踏切前の道から、石段を登ると総門があります。大本山の風格があります。

江戸時代 四脚門 1間×2間 切妻・瓦葺 丸柱 三斗詰組

円覚寺 総門

円覚寺 総門

三門(山門)

総門をくぐり入場券売り場の先ある、石段を登ると山門が見えます。山門は2階建てです。屋根が二重についているので、二重門、二重楼門ともといいます。一階は壁ものない柱だけの吹き曝しです。柱は礎盤にのる丸柱で、上下を細くした粽柱です。

2階は板を縦に張る堅板壁、正面は桟唐戸、両脇は花頭窓と、禅宗建築の特徴が出ています。ここには十一面観音坐像と十六羅漢像、韋駄天像、十二神像が安置されています。

天明三年 二重門 3間×2間 入母屋・銅板葺 丸柱 二手先詰組 扇垂木

円覚寺 山門

円覚寺 山門

円覚寺 山門

円覚寺 山門

仏殿

仏殿は昭和38年の、鉄筋の建物です。外観は丸柱に貫を通し、禅宗様式建築にデザインされています。間口は七間あります。五山級寺の仏殿は七間堂という定型を示しています。

仏殿に鎮座している本尊は、宝冠釈迦如来坐像です。普通の釈迦如来像は冠も装身具もつけていません。円覚寺のは観世音菩薩を思わせる、髪を結い宝冠や瓔珞で飾られています。これは宋から伝えられ、鎌倉を中心に禅宗寺院で流行しました。

円覚寺は何度も火災にあっています。仏殿も永禄六年(1563)に火災にあったとき、宝冠釈迦如来坐像の頭だけ持ち出しました。江戸時代に修理をされ、頭は鎌倉時代、身体は江戸時代になります。

円覚寺 仏殿

円覚寺 仏殿

円覚寺 仏堂 阿弥陀如来像

円覚寺 仏堂 阿弥陀如来像

円覚寺 仏堂 天井画

円覚寺 仏堂 天井画

選仏場

江戸時代まで円覚寺には、観光客が来ませんでした。修業の場であり研鑽の場でありました。今でい言うならば、大学や研究所に、部外者は用事がなければ行かないのと同じ具合です。その江戸時代まで、塔頭で生活している全山の僧が、毎朝この選仏場に集まりました。そこで各僧侶が今日の仏を決めて、修業したそうです。その後座禅堂になり左右に床が作られました。畳敷きになったのは戦後です。現在、座禅堂は舎利殿のある正続堂に移りました。

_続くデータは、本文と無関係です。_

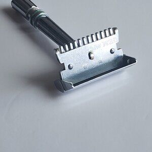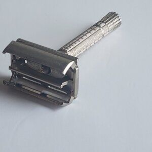 Another Gillette safety razor, but it is silver-toned. The head is the "TTO" or "Twist-to-Open" style, also known as a "butterfly" opening, which was very popular on Gillette razors. The handle has a similar textured pattern to the gold one, but a slightly different knurling design. Single blade MADE IN USA

選仏堂は、典型的な禅宗建築で、円覚寺の中では室町時代建立の舎利殿に次ぐ江戸初期の建物です。

元禄十二年 土間式仏堂 単層五間堂 5間×6間 寄棟・茅葺 丸柱 三斗撥束

円覚寺 選仏堂

円覚寺 選仏堂

円覚寺 選仏堂

円覚寺 選仏堂

鐘楼と弁天茶屋 国宝の釣鐘「洪鐘」

山門の右手の、石段を上がると、鐘つき堂と弁天様をお祭りする、弁天堂と、茶店弁天堂があります。ここから向かい側の東慶寺が一望できます。

国宝の洪鐘おおかねは鎌倉一の大鐘で、建長寺・円覚寺の鐘と共に「鎌倉三銘鐘」と呼ばれています。全体にほっそりした形で、上下に飛雲と唐草模様が鋳られています。鎌倉時代を代表する梵鐘として国宝になりました。

九代鎌倉執権方丈貞時が国家の安寧を願い、鋳造しました。成安三年(1301)に完成しました銘文は宋から来た円覚寺第6世の西潤子曇が選びました。鋳造したのは、鋳物師物部国光です。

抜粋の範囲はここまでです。